• TASK DIRECTIONS: Can the lines below, from the one that holds "图 12 青川县红石河高速滑坡气浪产生的小麦倒伏现象" to the very end, be echoed exactly, with both ends included and no pictures?

··········

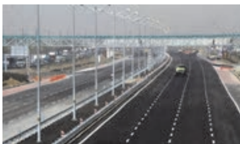
شکل ۳۶- نمونه هایی از بزرگراه

■ آزادراه: آزادراه به راهی گفته می شود که حداقل دارای دو خط اتومبیل رو و یک شانه حداقل به عرض سه متر برای هر طرف رفت و برگشت بوده و دو طرف آن به نحوی محصور بوده و در تمام طول آزادراه از هم کاملاً مجزا باشد و ارتباط آنها با هم تنها به وسیله راه های فرعی که از زیر یا بالای آزادراه عبور کند تأمین شود و هیچ راه دیگری آن را قطع نکند.
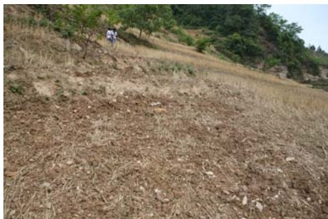
图 12 青川县红石河高速滑坡气浪产生的小麦倒伏现象
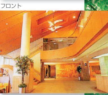
フロント エントランスホール

ご宿泊のご案内 ●チェックイン / 16:00 ●チェックアウト / 10:00 ●ご予約は利用希望の1年前の月の1日からお受けします
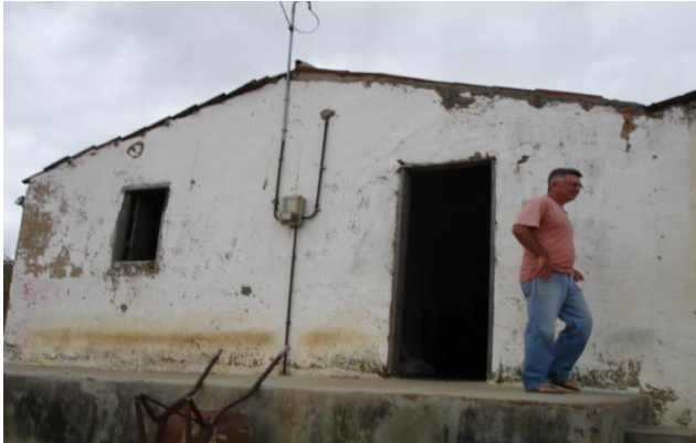
Sítio Malhada - CE

··········

• EXERCISE RESULT:
图 12 青川县红石河高速滑坡气浪产生的小麦倒伏现象
フロント エントランスホール

ご宿泊のご案内 ●チェックイン / 16:00 ●チェックアウト / 10:00 ●ご予約は利用希望の1年前の月の1日からお受けします
Sítio Malhada - CE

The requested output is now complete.